Terrence Donilon, communications secretary for the Boston Archdiocese, said the church knows the survivors gather outside the Cathedral of the Holy Cross each week.
“The Church continues to work to heal the wounds of clergy sexual abuse by remaining vigilant in its child protection programs and in providing pastoral support for survivors and families impacted,” he said.
James Flynn, an adult altar server at the church, said he’s seen the survivors every Sunday, but doesn’t mind their presence.
“It was tragic that happened, but the church learned a valuable lesson,” he said. “As an altar server, I go to classes to know that that’s wrong, as does everyone else in the church. We are moving forward.”

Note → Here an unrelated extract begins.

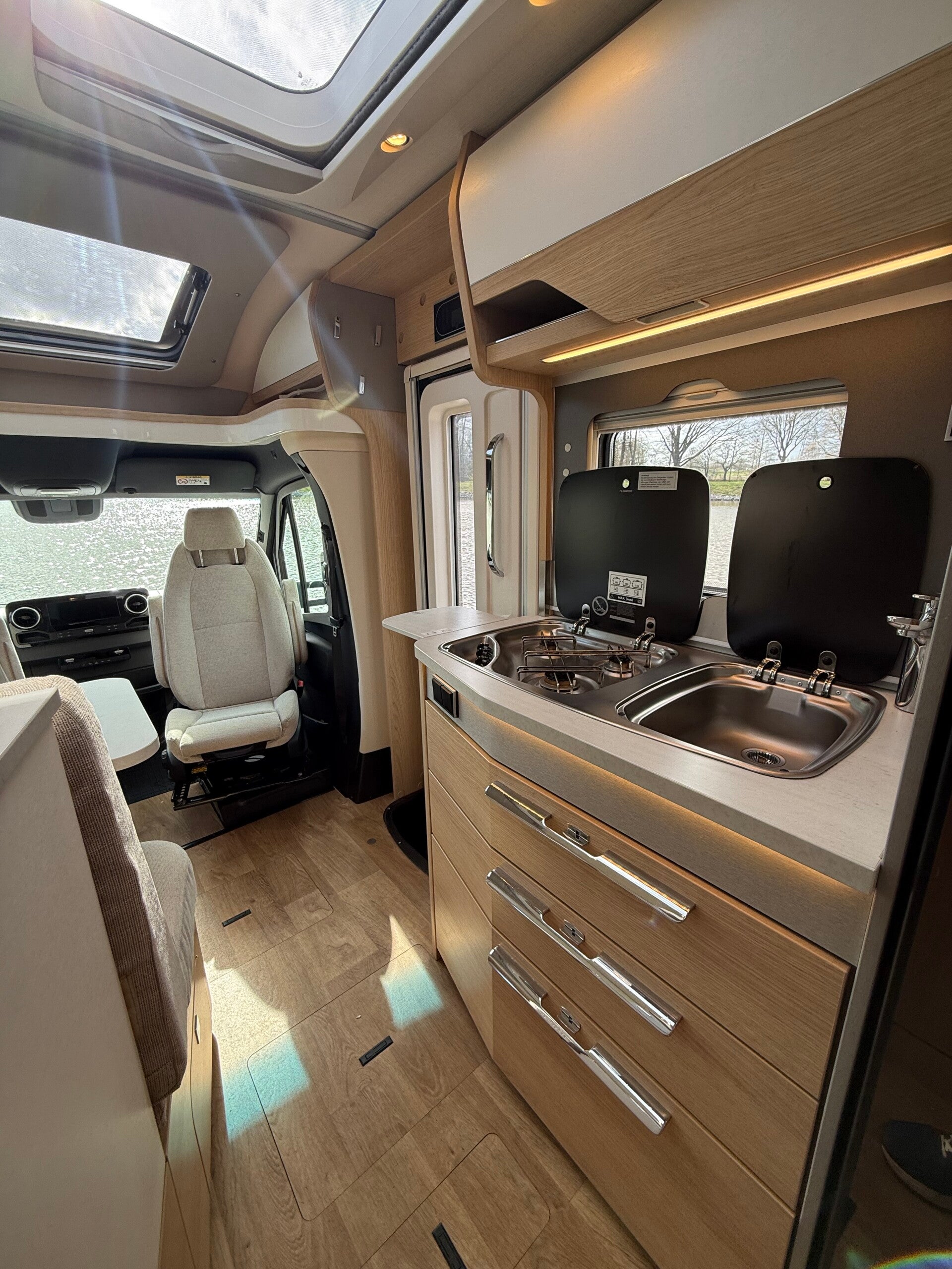 Ook tijdens het rijden is het genieten. De 9-traps automaat schakelt soepel en comfortabel en in combinatie met MBUX en de camera rijdt en manoeuvreert deze camper bijzonder prettig. Met Distronic wordt lange afstand rijden extra ontspannen en veilig. Daarnaast is de camper voorzien van een elektronische handrem, LED High Performance koplampen en grootlicht assistent.

Just yards away, Dwyer held a sign that read “You cannot move from a place you deny you are.”
See you next Sunday
This vigil, like all the others, was informal. The survivors who felt compelled to speak addressed the group. But the survivors also said it was important to remember those who couldn’t be with them.
“I don’t want to bring it here, but I have to,” Dwyer said. “Sexual abuse tortures us. There are many who have gone to their graves never telling. There are many who have taken their own lives.”
The survivors carry their names on pieces of paper as they walk the perimeter of the church while also holding signs with the faces of the child victims. After they finished their march, the survivors stopped in front of the Cathedral of the Holy Cross sign to pose for a photo. They held up their posters and smiled, not because of where they were, but because they were together.
After the photo, some of the survivors said quiet goodbyes and left. When only a handful remained outside, a procession of the church’s clergy members and parishoners began to approach on the sidewalk.
“Get the posters out,” Doherty said. “We have a parade coming.”
A single-file line of parishioners from the church rounded the corner towards the survivors. They were led by altar boys wearing white robes and swinging gold censers with incense. The survivors looked the priests in the eyes. The priests looked down at their sheet music.
Some parents put their hands around their childrens’ shoulders and held them close. The kids looked at the posters, at the black-and-white faces of children their age, before walking back into the church.
Those children, Kellen said, are the reason why the survivors will continue to stand in front of the church every week.